The President won the expected states, including New York, California, and Pennsylvania, a state that the Romney campaign spent a lot of time and money on at the end.
He also won Michigan, Wisconsin, and Massachusetts, the home states of the Romney/Ryans. He won New Hampshire. And he won Ohio, in large part because of Romney's missteps on the auto bailout.
In the end, regardless of why voters did what they did, we have a lot of work to do.
My original post:
I know my vote for President has already been counted, so to speak, as New York is solidly a blue state, based on the overwhelming number of Dems in our major cities. Because of them, we don’t have the distinction of being a ‘key state’ like Florida, Ohio, Pennsylvania, Iowa, or tiny New Hampshire, with its critical four electoral college votes.
New York is so safe that I’ve only seen a handful of ads for the top contest, and I think if there hadn’t have been for Hurricane Sandy, or whatever you want to call her, we might not be seeing any Romney or Obama ads at all here in Syracuse.All of the pundits have spoken; the polls have been taken; the editorial endorsements have come out; and now, finally, I get my say as to whether we're better off now than we were four years ago. Here's some thinking on that:
- When Barack Obama took the oath of office in January 2009, the Dow Jones was at 8279.63. It closed yesterday (11/5/12) at 13,112.44.
- The first unemployment figure reported during the Obama administration was 8.3% in February 2009. It got as high as 10%, when we were in the worst of things, and it’s now 7.9%.
- The Consumer Confidence Index was at 38. It’s now at 72.2.
Before March 2010, when the Patient Protection and Affordable Care Act was passed, we had no idea - not a clue - about how we were going to tackle the problem of the uninsured in America, which is an embarrassment for the world's greatest democracy.
We had "Don't Ask, Don't Tell"- formalized discrimination - in the military. And we had the banking crisis, and the housing crisis, and the auto industry crisis.
And now? Listen, I don't pretend for a second that we're in a perfect world, that we got everything what we hoped for when Obama was elected. Certainly I wish he could have done more (Simpson Bowles financial reforms, elimination of waste and redundancy in federal programs, and so on), and in some cases I wish he had done less (Solyndra).
The unemployment rate is not great, clearly, but it's improved even without Congress taking action on the President's jobs bill, and even in the face of the loss of several hundred thousand government jobs (a cornerstone of the R's smaller government plans at the national and state level).
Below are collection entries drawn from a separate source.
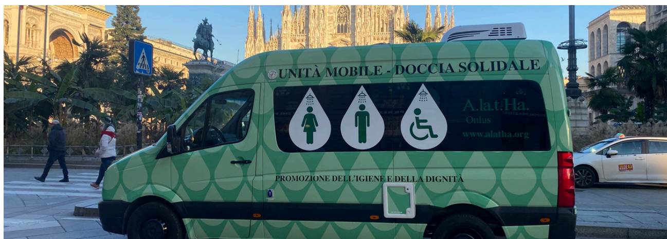
Unità mobile docce solidali -Rispetto e Dignità In Movimento

L'obiettivo primario del progetto è quello di creare le condizioni affinché il senza tetto possa uscire definitivamente dalla strada offrendo un servizio di promozione dell'igiene e dignità attraverso un'Unità Mobile - Docce Solidali. Vogliamo dare ai senza tetto coraggio, autostima e speranza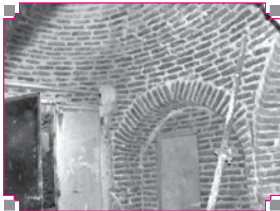
تصویر شماره ۲: هشتی ورودی واقع در ضلع شمالی حمام نیلوفر اسدآباد

ورودی جنوبی؛ بر اساس مطالعات انجام شده ورودی جنوبی بنا نیز بعداً به بنا الحاق شده و در گذشته تنها ورودی بنا از جبهه شمالی بوده است. در این ورودی نیز آهنی بوده و فاقد تزیینات و جزییات معماری می‌باشد (۸) (تصویر ۳).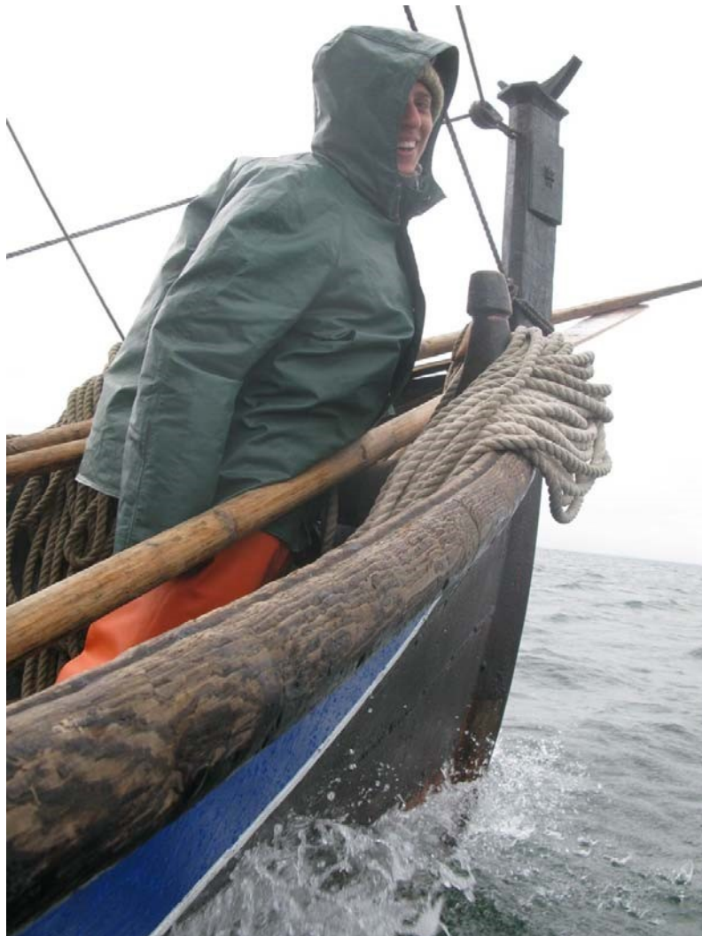
Gøy å stå i utkikken når det går unna!

Enkelte uker er det barn med, andre er det bare voksne. Det varierer hvor lange etappene er.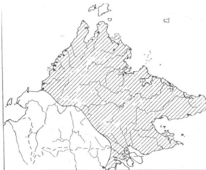
1704 年汶莱苏丹割让给苏禄苏丹的领土

苏丹睦希丁所割让的领土包括整个婆罗洲岛北部，从东部的史巴迪岛到西岸的京马尼士河，这片领土几相等于 1865 年汶莱苏丹割让给美国商人托里的领土之面积，其中包括山打根、京那巴丹干河、巴拉望岛、万宜岛及巴拉巴岛。不过，随后即位的汶莱苏丹，不承议这项领土的割让，而苏禄苏丹则坚持该领土主权。此亦是现今菲律宾索取沙巴领土之根由。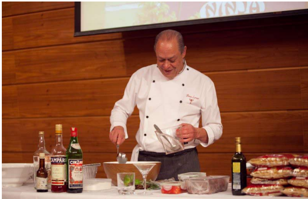
Cine Gastronomia - Virada Cultural 2009 - Receitas de Boteco

Tendo como base o posicionamento institucional do Centro da Cultura Judaica , de difundir o patrimônio cultural judaico, a cultura de paz, a coexistência e o respeito mútuo entre os povos, o projeto CULTURA & GASTRONOMIA inseri-se como uma das atividades planejadas para 2010 que envolve público diversificado. As atividades são 100% gratuitas e os workshops ministrados por amantes da cultura e da gastronomia, que transformam os encontros em verdadeiros momentos de aprendizagem, diversão e integração.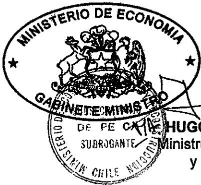
MICHELLE BACHELET JERIA Presidenta de la República

HUGO LAVADOS MONTES Ministro de Economía, Fomento y Reconstrucción.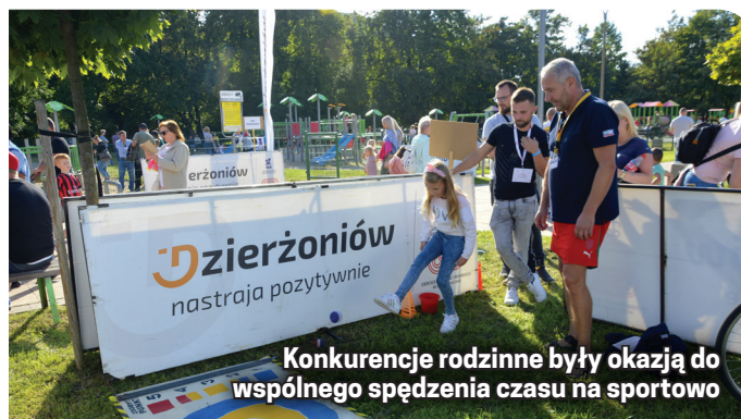
Konkurencje rodzinne były okazją do wspólnego spędzenia czasu na sportowo

Dzień później, na „poprawiny”, przy alei odbył się Festiwal Kolorów. Było to bardzo barwne pożegnanie wakacji w Dzierżoniowie.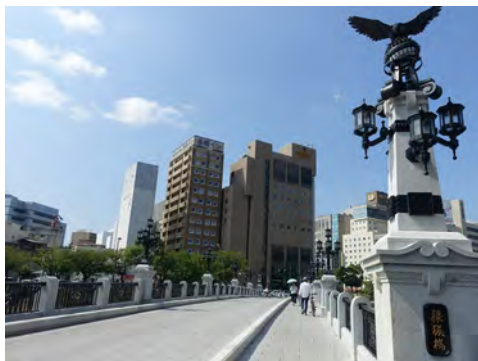
016 35猿猴橋北詰から見た猿猴橋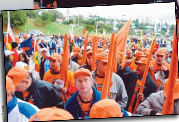
Conferência Nacional reuniu cerca de 30 mil trabalhadores no Estádio do Pacaembu

Trabalhadores e sindicalistas de todo o País aprovam a Agenda da Classe Trabalhadora, um conjunto de reivindicações que os trabalhadores desejam ver implementadas no País, e que será entregue aos candidatos à presidência da República. A Agenda, com seis eixos básicos para o desenvolvimento econômico e social, foi aprovada durante a Conferência Nacional da Classe Trabalhadora, realizada no dia 1º de junho, no estádio do Pacaembu, por cerca de 30 mil trabalhadores e sindicalistas de várias categorias profissionais, entre elas, os metalúrgicos.

I certainly wish he could have done more with Congress, even though as we all know, the Republican mantra, (spoken publicly by Senate Minority leader Mitch McConnell but shared by the rest of them) was "The single most important thing we want to achieve is for President Obama to be a one-term president."
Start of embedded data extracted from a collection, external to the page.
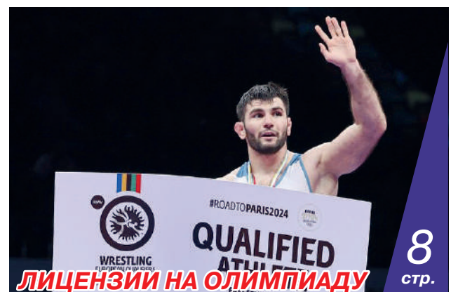
ЛИЦЕНЗИИ НА ОЛИМПИАДУ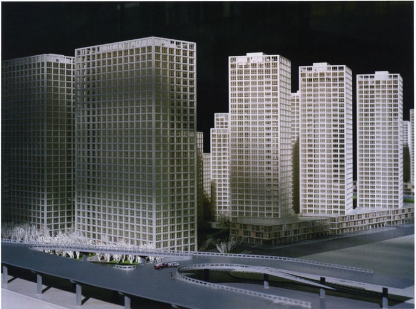
邢丹文 | 都市演繹系列圖3 Urban Fiction, image 3 224.3x170cm 2005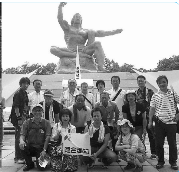
広島(左)・長崎(右)の平和行動に参加したみなさん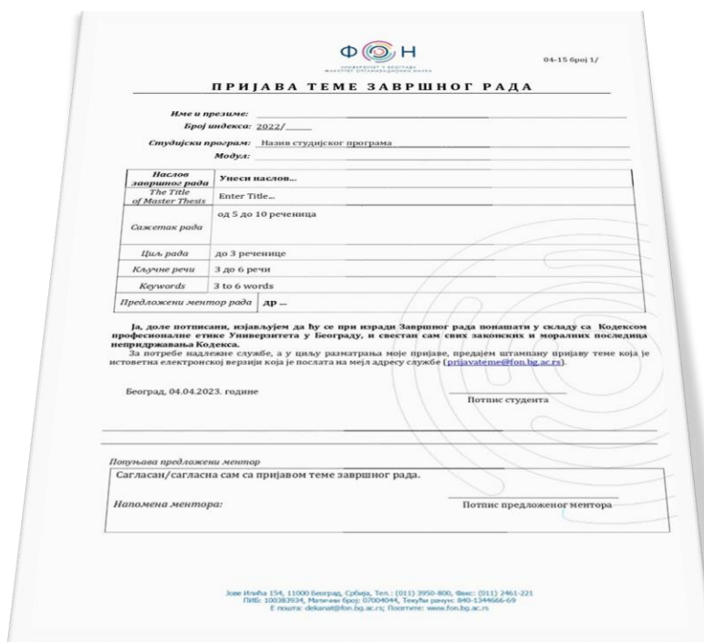
Слика 2. Образац Пријаве теме завршног рада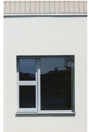
Holz- & Holz-Alufenster bieten hervorragende bauphysikalische Eigenschaften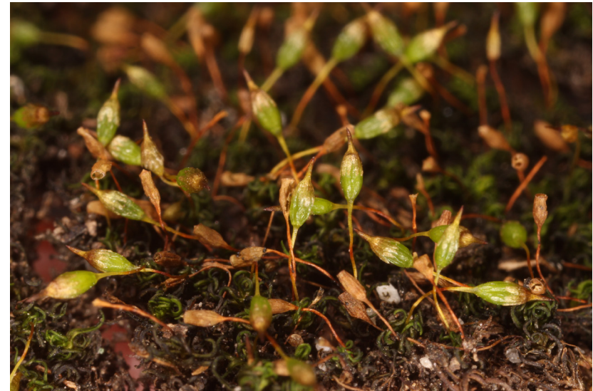
Abbildung 1. Ptychomitrium incurvum , trockenes Herbarexemplar von Sementina.

Die Art ist schon im Gelände als solche makroskopisch zu erkennen. Im Vergleich zu P. polyphyllum ist die Art winzig, nur einige Millimeter hoch, hat aber die klas-

Well, I disagree. I don't trust Mitt Romney, because I don't think he really believes in anything, other than his own success. I think he's a successful businessman - he's obviously got a lot of money - who plays by the business rules that are geared to help ensure businesses succeed, regardless of the impact on people. I don't believe he has any real intention of changing the rules on businesses, other than making them weaker, when in some cases - not all - they should be stronger. I also don't want a president who has signed any pledge for any organization, including Grover Norquist's anti-tax pledge.
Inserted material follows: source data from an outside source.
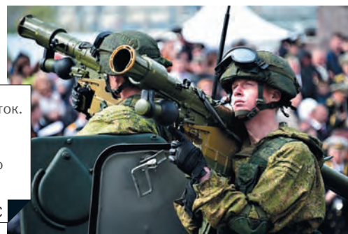
Россия, Владивосток. 9 мая 2016 г. Военнослужащий во время военного Парада.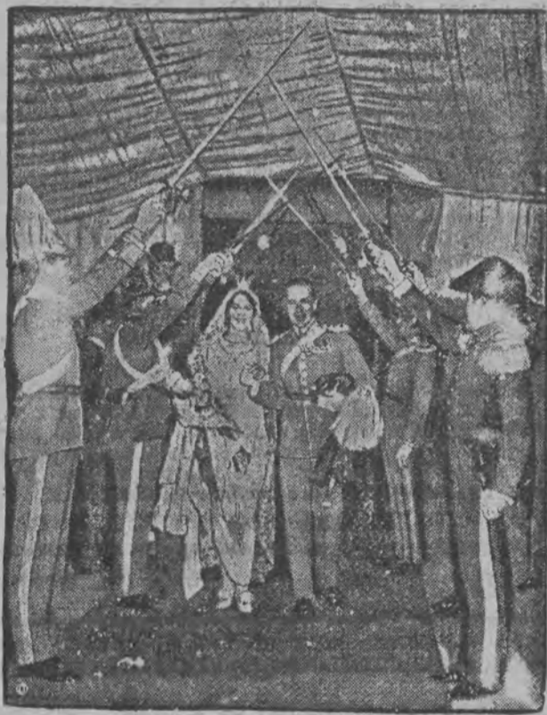
W chwilę po ślubie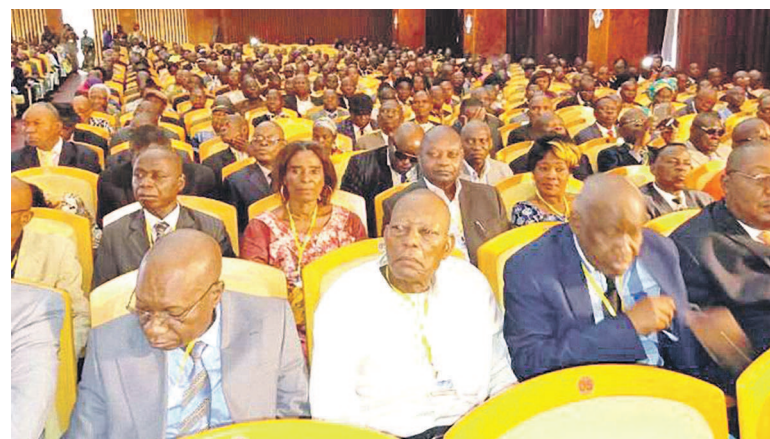
Des fonctionnaires à l'ouverture du séminaire d'orientation

Le gouvernement a décidé de majorer le salaire des agents et fonctionnaires de l'État de toutes les provinces de la RDC de 20 mille francs congolais (FC). Dans une correspondance datée du 22 août, le ministre d'État à la Fonction publique a demandé à son homologue du Budget de « donner des instructions urgentes à ses services en vue de matérialiser cette décision du gouverne-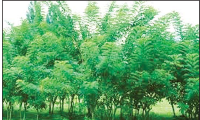
မြေနိမ့်ချယ်ရီပင်။

● မြေနိမ့်ချယ်ရီပင်သည် အလယ်အလတ်တန်းစားသစ်ပင်ဖြစ်ပြီး အပင် အမြင့် ၃၀ - ၃၅ ပေခန့် ရှိနိုင်ပါသည်။ အကြီးမြန် နိုက်ထရိုဂျင်ဖမ်းယူပေးသော အပင်ဖြစ်ရုံမက ကိုမာရင်ဓာတ် (Coumarin) အနံ့ဆိုးကြောင့် ခြင်ပြေးစေသော အပင်ဖြစ်ပါသည်။ ဤအပင်၏ အရွက်ထွက်နှုန်းမှာ ဘောစကိုင်းထက်ပိုပါသည်။ သီးနှံအထွက်တိုးရေး အထောက်အကူပြုအပင်နှင့် သစ်ရွက်စိမ်းမြေဩဇာအဖြစ်လည်း အသုံးပြုနိုင်ပါသည်။ ထိုအပင်၏ အရွက်များကိုခြေ၍ မြေကြီးထဲသို့ ထည့်ပေးခြင်းဖြင့် သစ်စိမ်းမြေဩဇာဖြစ်

I don't know what his convictions are, because they change all the time, and so I doubt he has courage regarding them.
I don't believe we should completely throw caution to the wind when it comes to the environment, climate change (regardless of how it's caused), and how we use federal lands, which belong to you and me. I get the feeling that Mitt Romney would be perfectly happy having a picnic next to an oil rig in Yellowstone Park -- but that's not my vision of America.
I do not believe half of Americans perceive themselves as victims; I don't believe in redistribution of wealth from people to corporations, and I don't believe in extreme corporate welfare any more than I believe in extreme people welfare. I do not believe that corporations are people too. I am not better off with that thinking, that I can see so far.
Rather, I happen to think that America is better than kids being entitled to 'the best education their parents can afford'; that we are better than marriage discrimination; that we are more than our employment figures. I believe that we are more than the wars we fight. I believe we're better than people having to work until they're in their 70's to collect their retirement benefits.
I happen to think that we are part of a larger global community, not only militarily but in every other way, and we need to continue to be part of that larger picture if we are to be successful, if we're to remain the beacon of hope for the rest of the world. I also think we're better than a Mitt Romney administration.
Are we better off than we were four years ago? Yes, I believe we are, and I believe that if President Obama gets reelected, we will be better off in four years than we are today.